Arm Intervention/treatment
Experimental: Infacort
Infacort® granules
Drug: Infacort®
Infacort® is a dry granule formulation of hydrocortisone stored in capsules available in different strengths (0.5, 1.0, 2.0 and 5.0 mg).




Primary Outcome Measures :
  1. Incidence of Serious Adverse Events (SAEs) and Adverse Events (AEs) [ Time Frame: 29 months ]
    The primary endpoint was the nature and occurrence of serious adverse events (SAEs) and adverse events (AEs) observed throughout the study. AEs were recorded from the time of the first intake of Infacort until the final visit.


Secondary Outcome Measures :
  1. Growth Velocity [ Time Frame: 29 months ]
    Growth velocity standard deviation score (SDS). Body height/length (cm) was obtained at each visit by specially trained paediatric endocrine nurses or physicians using standard calibrated auxological methods.
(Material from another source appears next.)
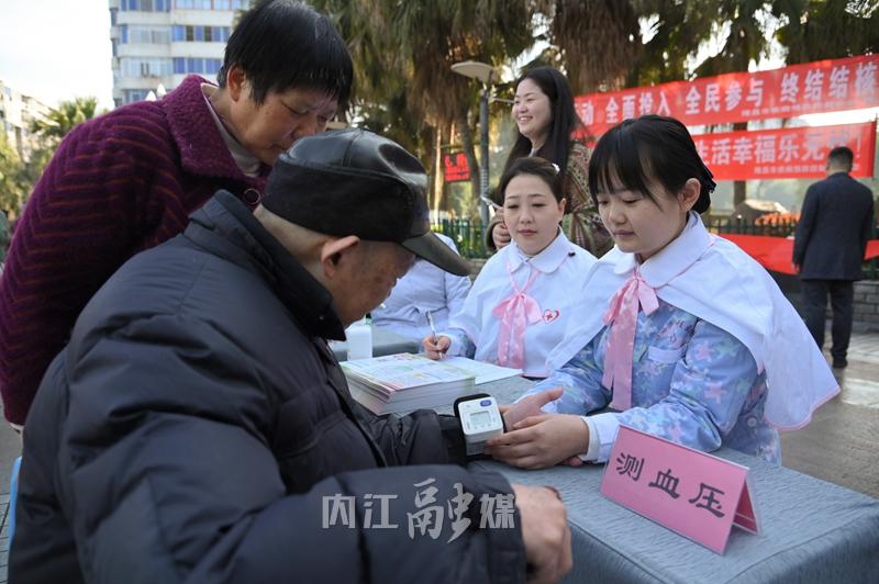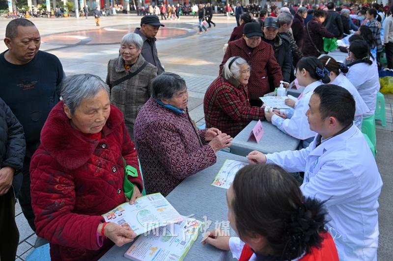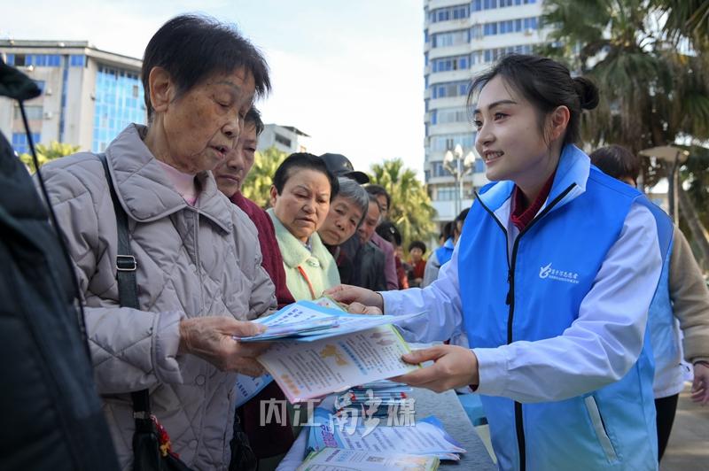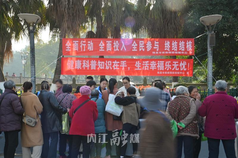 “结核病作为慢性传染病,危害波及甚广,主要通过飞沫传播。当传染性肺结核患者咳嗽、打喷嚏时,会产生大量含有结核菌的飞沫……”当日上午,来自隆昌市疾病预防控制中心、多家市级医疗卫生单位以及城南、城西社区卫生服务中心的志愿者,早早来到东门广场“摆摊”,为过往群众分发宣传单、讲解结核病防治知识,活动现场一片“赶集”般的热闹景象。

  2. Cortisol Levels [ Time Frame: 29 months ]
    Cortisol levels measured from dried blood spots. The dried blood spots were analysed for multi-steroids, including cortisol (all subjects). Blood spot absolute laboratory values for the safety population are presented. A dried blood spot sample was collected at the initial and final visits, every month for the first 2 months of the study and thereafter every 6 months (unless required after 3 months).
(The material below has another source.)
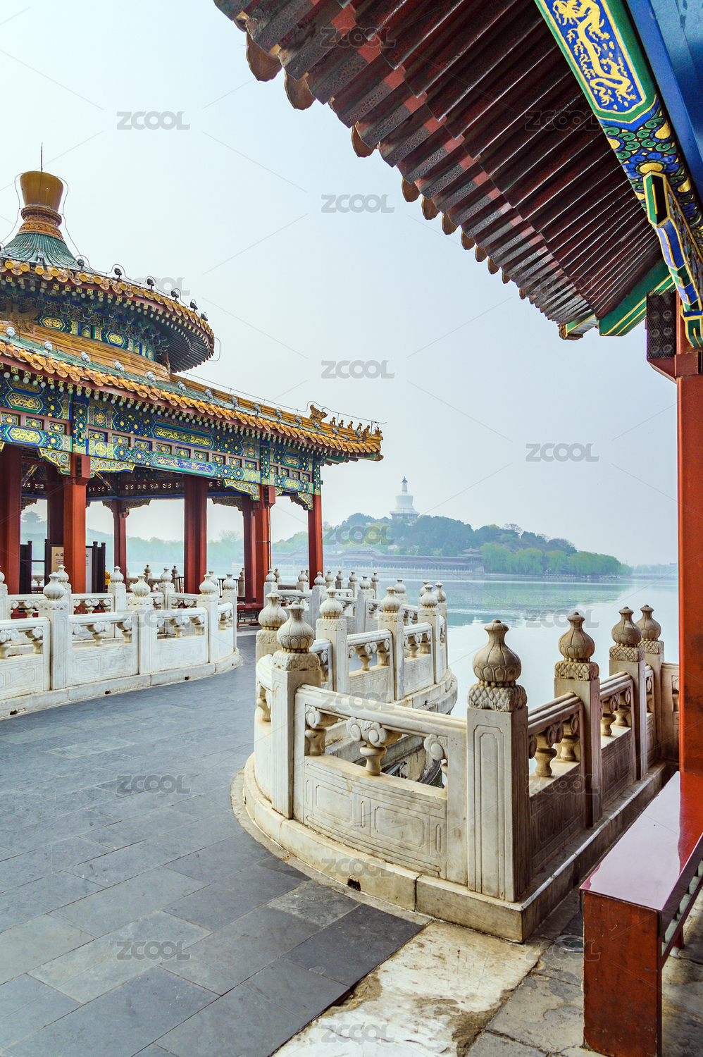 中国北京北海公园琼岛的古代园林建筑

  3. Number of Participants Exhibiting a Change in Tanner Development Stage [ Time Frame: 29 months ]
    The Tanner Development Stage was assessed as an additional analysis in this study. All assessments (breast, genitalia, and pubic hair) were Grade 1 (pre-pubertal) at baseline, with only 1 subject (in Cohort 2) showing a change during the study. Subject 018 showed progression to Grade 2 in the pubic hair category (sparse, pigmented hair mainly on labia).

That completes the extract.